What you will do
Your answer should be an exact copy of the lines from the one holding "디테일이 살아있는 선명한" to the end of the material below, pictures left out.

Dataset content
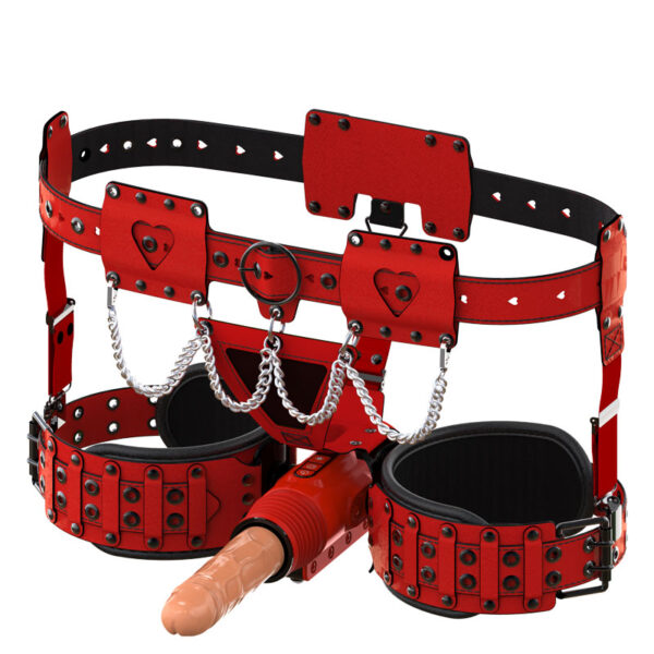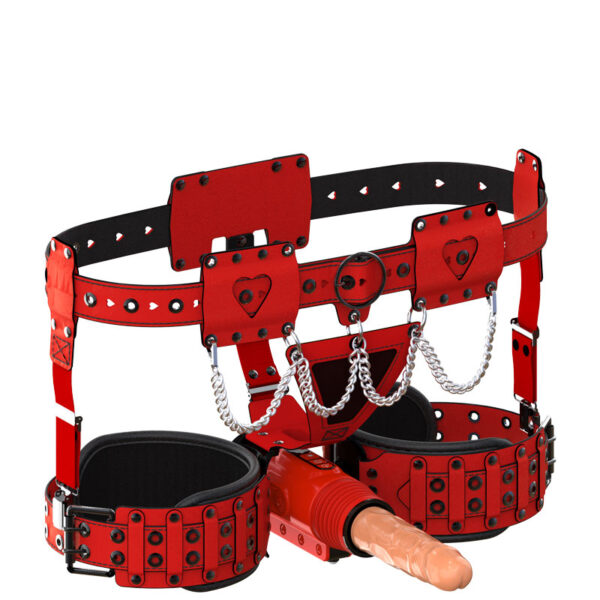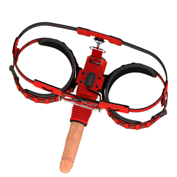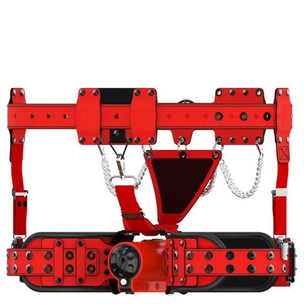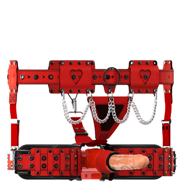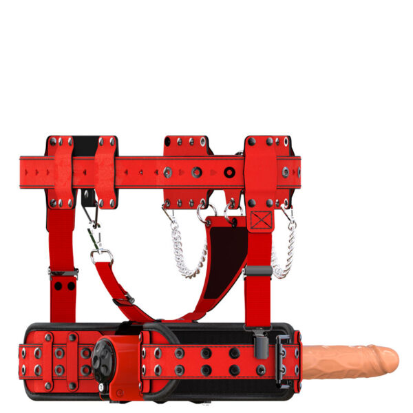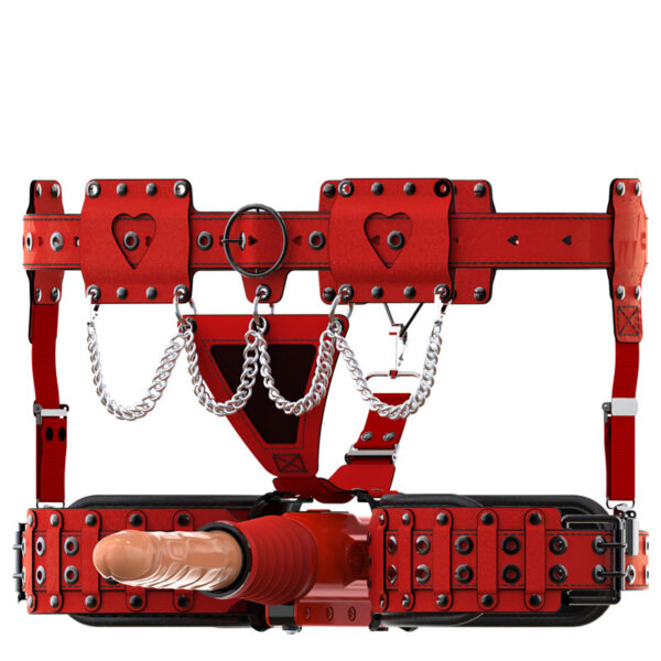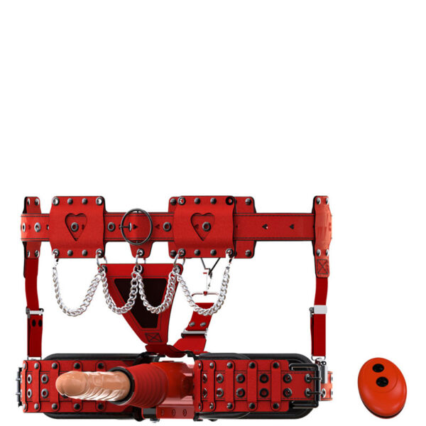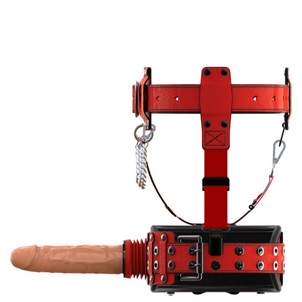 Cinta peniana recarregável com prótese articulável, movimentos de vai e vem, cinta reforçada e detalhes em corrente, possui controle remoto. Cinta ajustável.
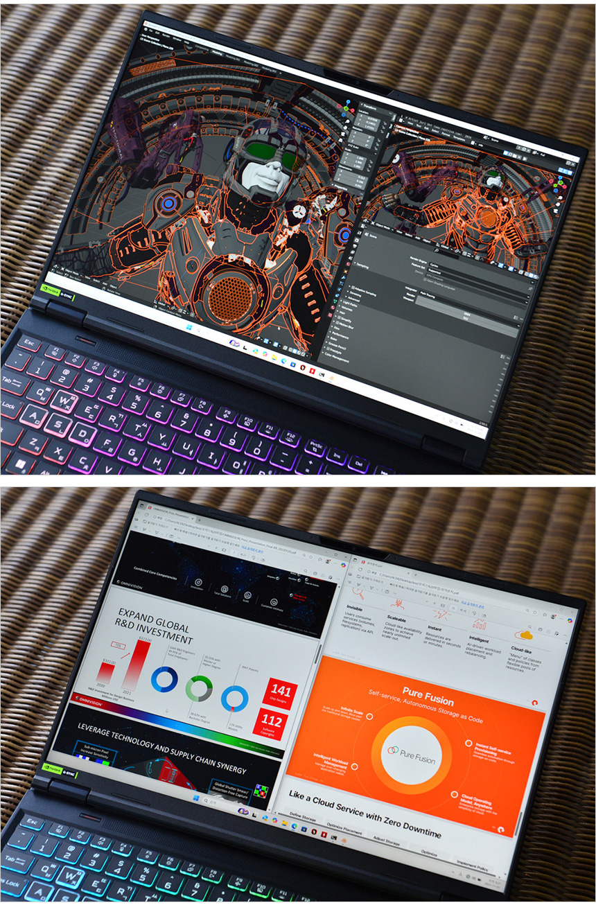 디테일이 살아있는 선명한 디스플레이 탑재도 장점이라 할 수 있다. 180Hz 주사율을 지원해 작은 차이도 구분할 수 있는 FPS 게이머 들이 부드럽게 게임을 즐길 수 있으며 16형 대화면 지원으로 탁 트인 시원한 영상을 즐길 수 있다. 또한 300nits 의 높은 밝기를 지원해 야외에서도 높은 시인성을 경험할 수 있었으며 16:10 비율 지원으로 작업을 편하게 실행할 수 있었다.
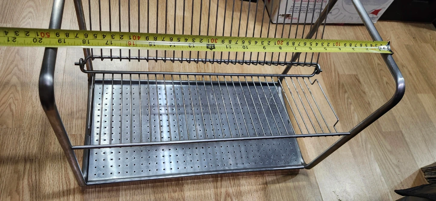 1000+USED EXCELLENT CONDITION. stainless steel dish drying rack. It's in great shape and ready to help keep your kitchen organized. The rack features a tray at the bottom to catch water and a section for drying dishes and utensils. It measures approximately 19 inches wide and 12 inches deep.

Task response
 디테일이 살아있는 선명한 디스플레이 탑재도 장점이라 할 수 있다. 180Hz 주사율을 지원해 작은 차이도 구분할 수 있는 FPS 게이머 들이 부드럽게 게임을 즐길 수 있으며 16형 대화면 지원으로 탁 트인 시원한 영상을 즐길 수 있다. 또한 300nits 의 높은 밝기를 지원해 야외에서도 높은 시인성을 경험할 수 있었으며 16:10 비율 지원으로 작업을 편하게 실행할 수 있었다.
 1000+USED EXCELLENT CONDITION. stainless steel dish drying rack. It's in great shape and ready to help keep your kitchen organized. The rack features a tray at the bottom to catch water and a section for drying dishes and utensils. It measures approximately 19 inches wide and 12 inches deep.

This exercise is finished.